Avionics: How well are humans able to localize sounds?

Lee: We have run thousands of experiments in the past couple of years–hundreds and hundreds of different types of experiments–because we’re trying to maximize people’s efficiency. We found out the best places to put the sounds if you want to listen to seven people. For example, equal spacing of sounds is not optimal most of the time. Most people can localize a sound to about 10 to 12 degrees. The best localizers can detect sounds at spacings of about 2 degrees. Conversely, we found out that some people are naturally bad localizers, just as some people are color blind. They can’t localize within 30 degrees.

Avionics: Could you give us an example of the head transfer function?

Lee: The best example I can think of is a car stereo. It’s got filters: bass boost, etc. Sounds coming in from the radio station are running through a filter that makes the sounds appear to be more powerful. They are amplifying some of the midranges. You prop up a lot of the other stuff and get mostly in the speech range. So then the voices come through a lot clearer even if the signal’s been distorted a little bit. That’s the same thing we’re doing, essentially, except with the interaural time delay and the interaural frequency effect. So it’s filtering, not a modulation. And we pay attention to the timing, which is kind of a phase delay.

Avionics: How many sounds can a listener discriminate simultaneously?

Lee: We can put up as many signals as you want. One of the research efforts we do here is to examine how much an individual can logically take in. I’ve actually got some data on that. The answer is, once you get past four or five people talking at the same time, then your ability to comprehend what they’re saying begins to drop off, although some people can do 12 people. But you can listen to all five at the same time. We’ve actually found that by spatially separating the sound, we can improve people’s intelligibility scores, We recreate what occurs naturally over a headset. So now it’s easier to keep track of people that are talking, and who’s doing the talking.

Avionics: You have to have a stereo headset and a head tracker?

Lee: With a monaural headset, if you’re listening to two people, you probably can catch most of the right answers although they step on each other a little bit. With stereo headsets, you can put one in each ear, and that’s good. So 3D audio doesn’t give you much of an advantage with two talkers.

As you bring up the number of people, however, your ability to listen to all of them degrades to the point where, when you get seven people talking, you’re only getting 20 percent of the correct responses about things you’re supposed to be looking for. Whereas, with that same scenario, with nothing changed except plugging in 3D audio in your stereo headset, people can get up to 60 percent of the correct answers. For most applications you would need a head tracker, too. Without it you would lose the directional information when you turn your head.

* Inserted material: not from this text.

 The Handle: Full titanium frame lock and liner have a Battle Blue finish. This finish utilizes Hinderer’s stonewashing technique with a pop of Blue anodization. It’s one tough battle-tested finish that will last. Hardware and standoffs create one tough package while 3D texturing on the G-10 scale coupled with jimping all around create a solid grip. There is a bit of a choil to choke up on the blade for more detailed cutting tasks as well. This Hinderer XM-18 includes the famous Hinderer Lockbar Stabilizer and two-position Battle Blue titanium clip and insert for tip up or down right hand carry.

Avionics: Why is 3D audio technology so easy to use?

Lee: We think that people who listen to multiple conversations through 3D audio are able to comprehend critical information better because it is getting them closer to the natural way their audio systems were trained as they were growing up. Tests show that with spatial audio all listeners, even untrained listeners, can pick out target items with higher accuracy.

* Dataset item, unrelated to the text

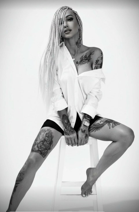 Долгите руси плетенчиња ја надополнуваат нејзината несекојдневна појава, а тетоважите поцелото тело и екстремитетите само го засилуваат впечатокот на секого кој штом ја погледне јасно му е одма дека Јасмина е „еротска тату бомба“!

Avionics: What else are you looking at?

Lee: If you vary the volume and pitch, you can improve people’s comprehension because you make distinctions of both space and content. We can do the spatialization of sound, but now we are looking at what content or symbology we should put out in space to help a person do a job better. We’re also looking at voice inflections and distance cueing. And how do you pick up that something is moving? You can put in a frequency shift, but that’s not what people are picking up on. We are trying to understand what people actually cue in on to improve their ability to process the content of the communication.